Records shown:
━━━━

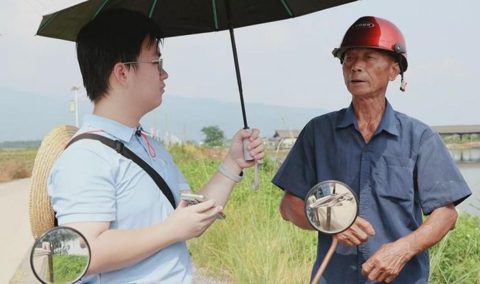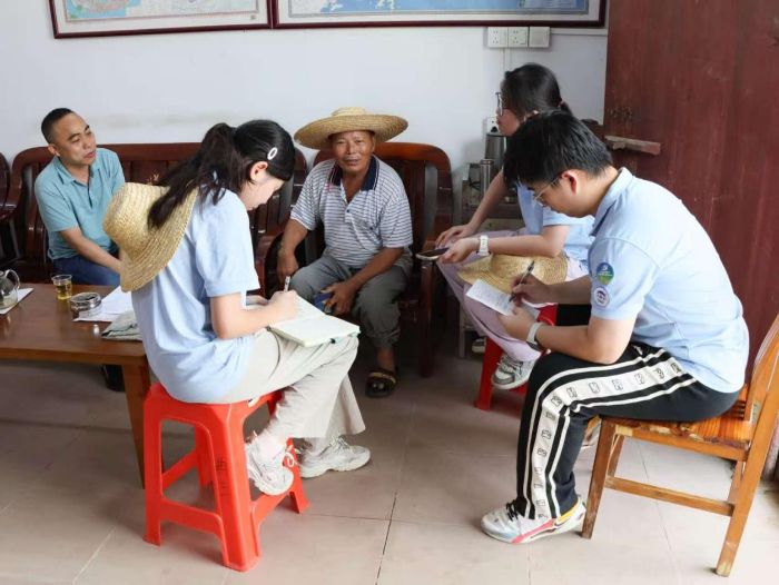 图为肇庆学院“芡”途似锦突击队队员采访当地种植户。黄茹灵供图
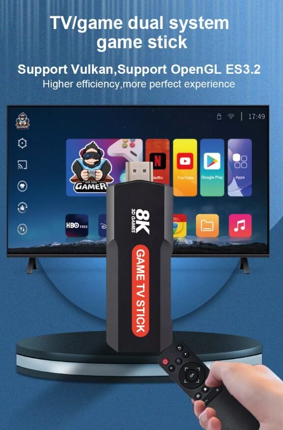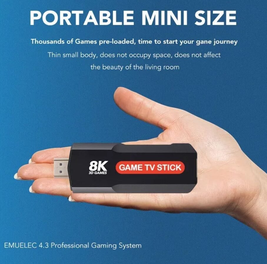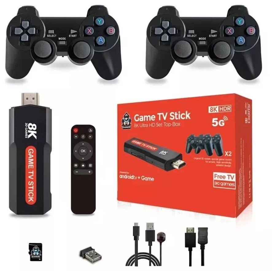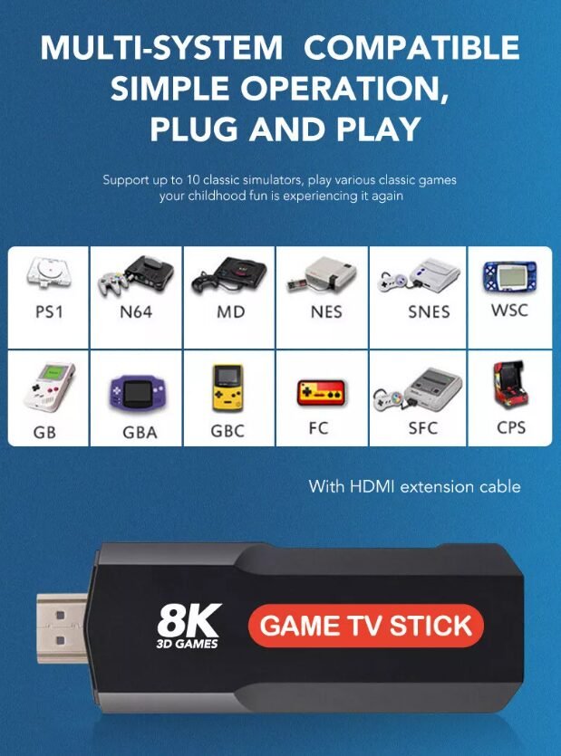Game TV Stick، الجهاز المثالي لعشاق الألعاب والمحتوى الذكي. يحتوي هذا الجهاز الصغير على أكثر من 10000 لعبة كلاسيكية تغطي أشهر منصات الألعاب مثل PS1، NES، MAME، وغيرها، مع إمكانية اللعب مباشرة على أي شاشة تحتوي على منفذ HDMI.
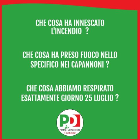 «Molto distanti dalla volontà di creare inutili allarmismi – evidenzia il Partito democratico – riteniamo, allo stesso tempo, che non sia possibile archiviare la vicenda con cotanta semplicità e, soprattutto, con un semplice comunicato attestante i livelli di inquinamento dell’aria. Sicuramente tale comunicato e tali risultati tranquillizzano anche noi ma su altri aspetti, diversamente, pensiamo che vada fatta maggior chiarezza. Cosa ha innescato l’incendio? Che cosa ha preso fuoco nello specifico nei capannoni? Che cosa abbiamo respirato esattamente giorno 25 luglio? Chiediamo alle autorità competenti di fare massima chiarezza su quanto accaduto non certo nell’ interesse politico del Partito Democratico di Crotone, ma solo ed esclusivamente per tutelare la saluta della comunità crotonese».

━━━━

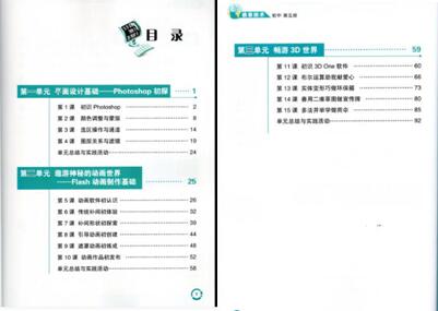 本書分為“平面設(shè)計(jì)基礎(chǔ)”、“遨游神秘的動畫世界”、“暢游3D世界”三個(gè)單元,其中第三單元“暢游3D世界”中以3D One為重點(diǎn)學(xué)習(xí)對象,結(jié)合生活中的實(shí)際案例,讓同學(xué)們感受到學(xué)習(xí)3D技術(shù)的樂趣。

━━━━

Task directions: From the entries above, copy exactly the lines starting at the one with "Game TV Stick،" and stopping at the one with "distanti dalla volontà", keeping both ends. Drop the pictures.

Answer:
Game TV Stick، الجهاز المثالي لعشاق الألعاب والمحتوى الذكي. يحتوي هذا الجهاز الصغير على أكثر من 10000 لعبة كلاسيكية تغطي أشهر منصات الألعاب مثل PS1، NES، MAME، وغيرها، مع إمكانية اللعب مباشرة على أي شاشة تحتوي على منفذ HDMI.
 «Molto distanti dalla volontà di creare inutili allarmismi – evidenzia il Partito democratico – riteniamo, allo stesso tempo, che non sia possibile archiviare la vicenda con cotanta semplicità e, soprattutto, con un semplice comunicato attestante i livelli di inquinamento dell’aria. Sicuramente tale comunicato e tali risultati tranquillizzano anche noi ma su altri aspetti, diversamente, pensiamo che vada fatta maggior chiarezza. Cosa ha innescato l’incendio? Che cosa ha preso fuoco nello specifico nei capannoni? Che cosa abbiamo respirato esattamente giorno 25 luglio? Chiediamo alle autorità competenti di fare massima chiarezza su quanto accaduto non certo nell’ interesse politico del Partito Democratico di Crotone, ma solo ed esclusivamente per tutelare la saluta della comunità crotonese».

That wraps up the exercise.